When I go back into my room to get my things to take into the bathroom, Finley’s eyes peek open.

“Go back to sleep,” I say quietly. “I’m about to take a shower.”

Her gaze lands on the mug in my hand. “What do you have there?”

“Coffee,” I say, then lift it to my lips and take a sip. “The Mr. Coffee kind. My dad made it.”

She sits up and reaches out her arm, wiggling her fingers at me to come closer. I walk to her side of the bed, my heart racing. What does she want?

When I’m next to her, she snatches the mug from my hand and takes a long sip.
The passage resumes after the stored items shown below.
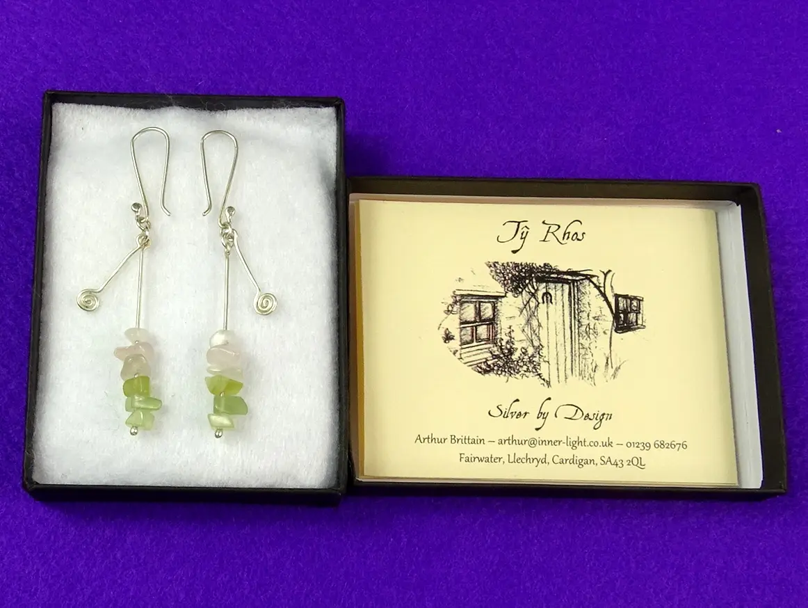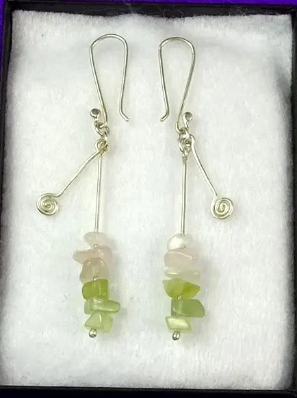 These earrings have been designed to promote emotional balance, with emphasis on the heart and sacral chakras, the Soul and the Emotions. They have been made using 30cm (1.6 grams) of Sterling silver, set with 6 pieces of Jadeite, 4 pieces of White Moonstone, and 2 pieces of Rose Quartz; and are finished with tightly coiled spirals of silver. The spirals and crystals have been symmetrically balanced and aligned to enable the left/right sides of the brain to function harmoniously.
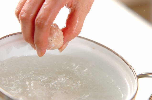 <つくね>の材料をしっかり混ぜ合わせて8~12個に丸め、熱湯に入れてゆでザルに上げる。
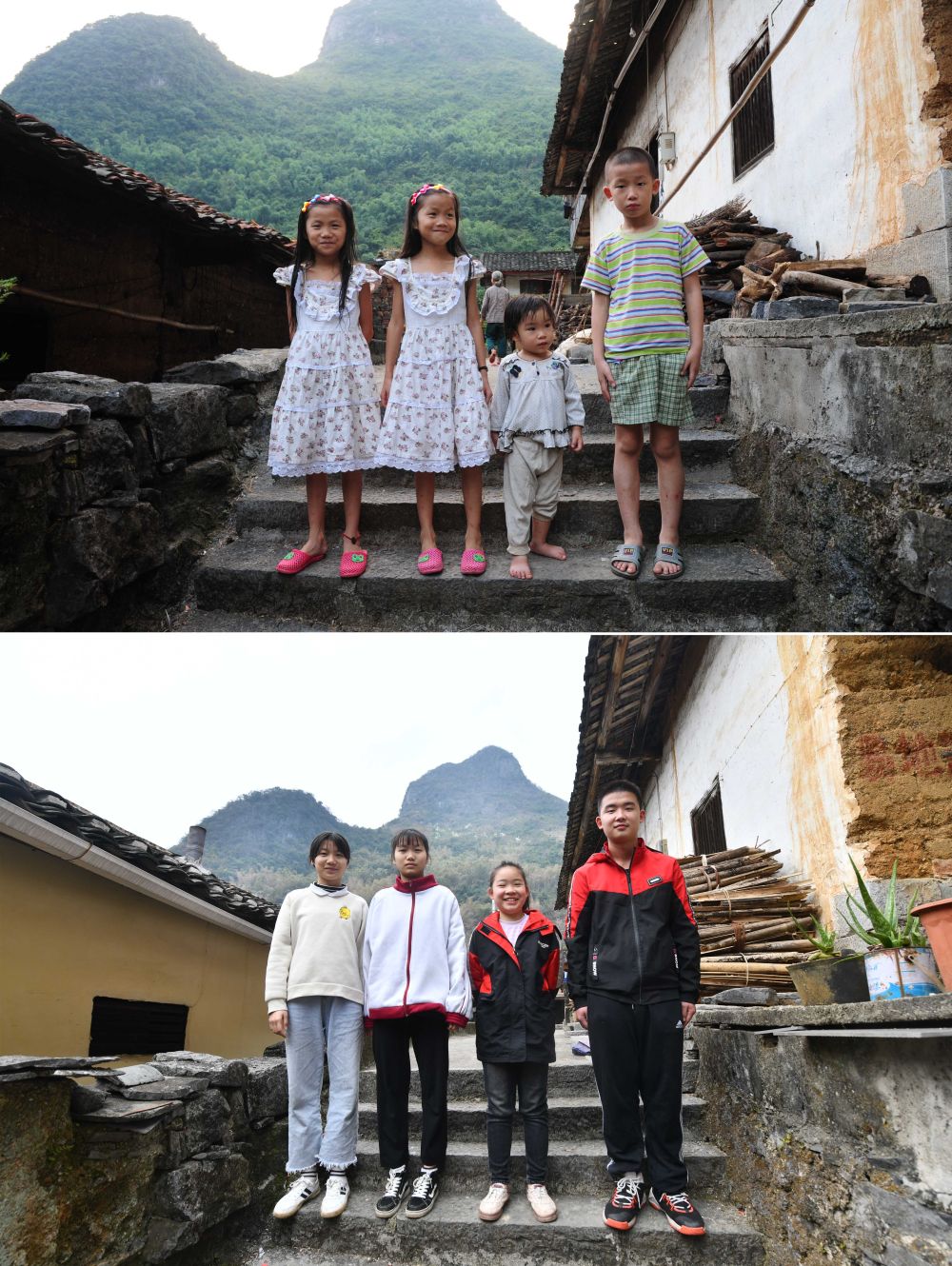 这张拼版照片显示的是龙璐婷、龙璐莹、龙紫贤、龙杰(从左至右)在铜板屯的合影(上图摄于2013年7月23日,下图摄于2021年2月15日)。
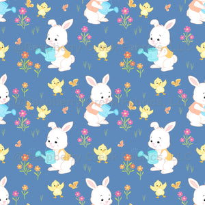 Adorable bunnies and chicks playing in a whimsical spring garden with blooming flowers in soft pastels. Perfect for kidswear, baby and nursery product.
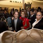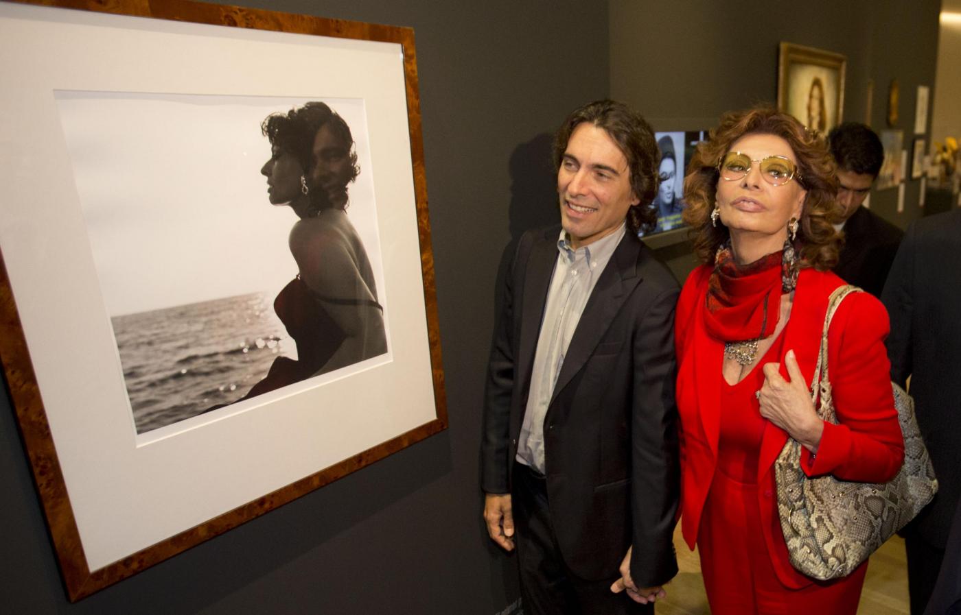 Italy's actress Sophia Loren and her son Carlo Ponti attend an exhibit about Lorn's life and work inside the Soumaya art museum in Mexico City, Thursday, Sept. 18, 2014. Loren traveled to Mexico to attend the exhibit that shows off her wardrobe, photographs, books and memorabilia in commemoration of her 80th birthday this Saturday, Sept. 20. (AP Photo/Eduardo Verdugo)
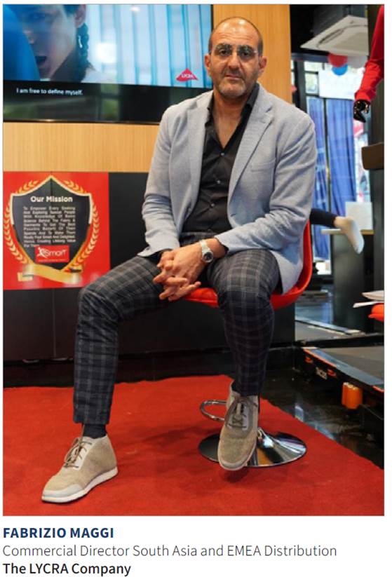 The LYCRA Company innovates and produces fibre and technology solutions for the apparel and personal care industries. Headquartered in Wilmington, Delaware, The LYCRA Company is recognised worldwide for its innovative products, technical expertise, sustainable solutions, and unmatched marketing support. Commercial Director South Asia and EMEA Fabrizio Maggi talks about the global textile industry, innovation, digital transformation, and the company’s focus on the South Asian region.

Part of me wants to be irritated—that’s my coffee, dammit—but she’s so damn cute I can’t seem to muster it up.

I lift a brow. “We’re at the coffee-sharing stage of our relationship?”

“Drinks and food,” she says, her eyes twinkling. “What’s yours is mine.”

“And you share with me?”

“We haven’t reached that stage just yet.” She takes another sip, then hands the mug to me. “I’ll let you know when we do.”

I can’t help grinning at her.

Good, God. I’m smiling over her saying I have to share my coffee with her, but she doesn’t have to share with me? What the hell is wrong with me?

I’m happy—that’s what’s wrong with me. I don’t understand it, yet I am. And if I’m honest, I haven’t felt this happy in years. I’m not sure what to make of it. Maybe it’s because this is my first real vacation from work in over two years. Or because I’m home with my family for Christmas.

You’re a damn fool if you can’t see that a huge part of it is because of Finley.

The hell it is. Other people can’t make you happy.